Behavioural outcome measures
At the start and end of each scanning session, while outside the scanner, participants were asked to complete the computerised Corsi block task on the Psychology Experiment Building Language (PEBL)(54). In this task, 9 identical blue blocks are presented on the screen. These blocks light up on the screen in a sequence, which starts off as a simple sequence of two blocks and increases in complexity based on participant performance. The participant is asked to mimic the sequence observed on the screen. A measure of the memory span and mean RT is reported.

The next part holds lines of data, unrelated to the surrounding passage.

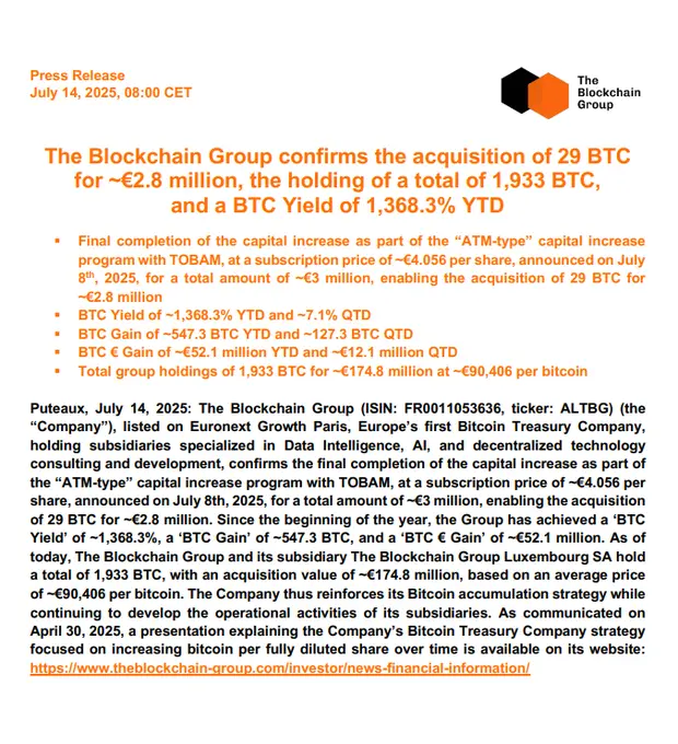 The Blockchain Group 增持 29 枚比特币,目前总持仓达 1933 枚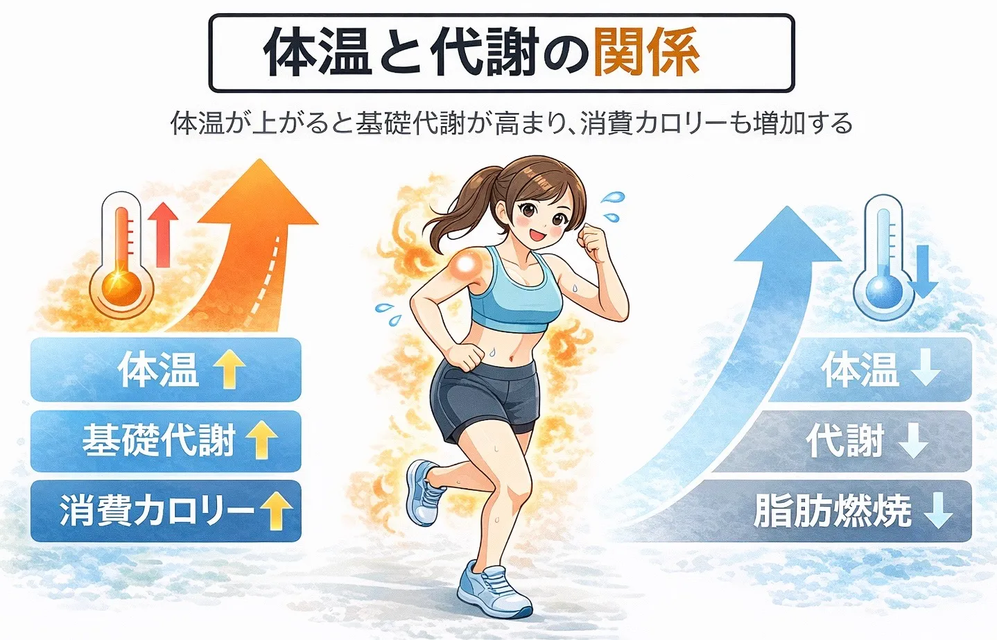 これは実証された直線関係ではなく「体温が代謝やホルモン調節・熱産生・栄養処理といった複数の面でダイエットに寄与する方向性がある」という見解です。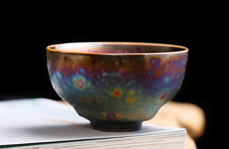• В процессе восстановительного обжига медесодержащая глазурь, растекаясь по поверхности изделия, создает сложные и бесконечно разнообразные сочетания удивительных переливов и оттенков.
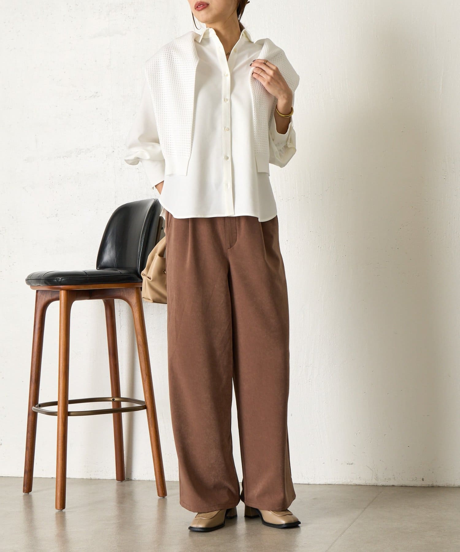 ・キレイめにもカジュアルにも合わせやすく、毎日のスタイリングに取り入れやすいブラウスです。
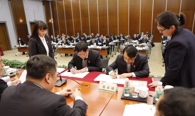 會上,公司副總經(jīng)理劉素敏宣讀了部分企業(yè)由金隅冀東水泥直接管理的文件精神和2018年績效管理目標責(zé)任書編制說明,公司財務(wù)總監(jiān)任前進宣讀了總部部門2017年度考核兌現(xiàn)意見。公司黨委書記、董事長姜長祿與23家企業(yè)及15個總部部門簽訂2018年度績效管理目標責(zé)任書。朱長君、王川等6名同志作為企業(yè)及總部部門負責(zé)人代表先后表態(tài)發(fā)言。

Within the scanner, participants performed 4 runs of working memory tasks- one run each before and after stimulation and two during the atDCS/sham stimulation. Each run consisted of 6 blocks each of 0-back and 2-back verbal working memory task as described above. Each block was 30 s long and consisted of 9 target stimuli. Accuracy was calculated separately for 0-back and 2-back tasks(correct hits + correct omissions/ total responses). RT were calculated only for time to correct response to target stimuli.
Statistical analyses were performed in SPSS version25 and R version 1.2. Partial Pearson’s correlations were used to investigate the relationship between GABA in DLPFC and OCC and the behavioural outcomes using tissue fraction as a covariate in the analyses. The Fishers Z transformation was used to compare the correlation coefficients. Comparison of correlation coefficients was undertaken using Fisher’s transformation. Group differences in metabolites post intervention were analysed using linear regression models adjusting for baseline values of the relevant outcome as a linear covariate. A p value<0.05 was considered significant.